They don't recommending Euclid as a way to learn geometry, they recommend him because his book has been the foundation of the scientific dialog for the last several millennia. Regardless of whether his formalization of geometry is the most up-to-date, every subsequent mathematician and logician has been building on The Elements. That fact alone makes it valuable to read, not as a way to learn geometry, but as a way to understand where we came from.
There's a little story told about the philosopher Thomas Hobbes, by John Aubrey:

"He was (vide his life) 40 yeares old before he looked on geometry; which happened accidentally. Being in a gentleman's library in ..., Euclid's Elements lay open, and 'twas the 47 El. libri I[Pythagorean theorem]. He read the proposition. 'By G--,' sayd he, 'this is impossible!' So he reads the demonstration of it, which referred him back to such a proposition; which proposition he read. That referred him back to another, which he also read. Et sic deinceps, that at last he was demonstratively convinced of that trueth. This made him in love with geometry."

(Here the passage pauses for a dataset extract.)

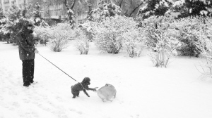 4月2日,内蒙古赤峰市克什克腾旗一名市民在雪中遛狗。

Reading all of Euclid's Elements is a big undertaking, though I think you can get a sufficient taste and appreciation of iron-clad logical reasoning and demonstration from going through some subset of it. Perhaps working through a single proposition back through its base propositions, definitions, common notions, and postulates will be enough to alter your thinking and at least see what's possible. Unlike the author I can't tell from discussion sampling if people are ignorant of Euclid, but I have been frustrated by 1-on-1 failures to win arguments by mathematical proof (e.g. that 0.999.... = 1) and such an unwillingness to accept such things shows a profound disconnect in how we look at the world. Reading Euclid may help that.

On the other hand, lots of software developers are exposed to proofs as part of their formal education (those who received one), so how much Euclid can add here is questionable, vs. actually putting proofs into practice by learning things like TLA+, or learning about probabilistic inference which is more needed outside crisp and clear worlds like Euclidean geometry. Personally I'd sooner have software developers take a few minutes to learn and reflect on Chesterton's Fence, than working through examples of geometry proofs, and maybe some can learn to reduce their bad habit of sloppily "reconstructing things from first principles" (where "first" is frequently "first thought of").

Then you, as Moicanu below, didn't understood my point: You learn less from the Elements than from later, curated sources. Analogously, no one would advocate reading Newton's Principia to "understand where we came from". You would first learn the theory (geometry resp physics) with up-to-date sources, then read a commentary of the original (which is often longer than the original), and only then you'd be able to get something out of reading a translation of the original.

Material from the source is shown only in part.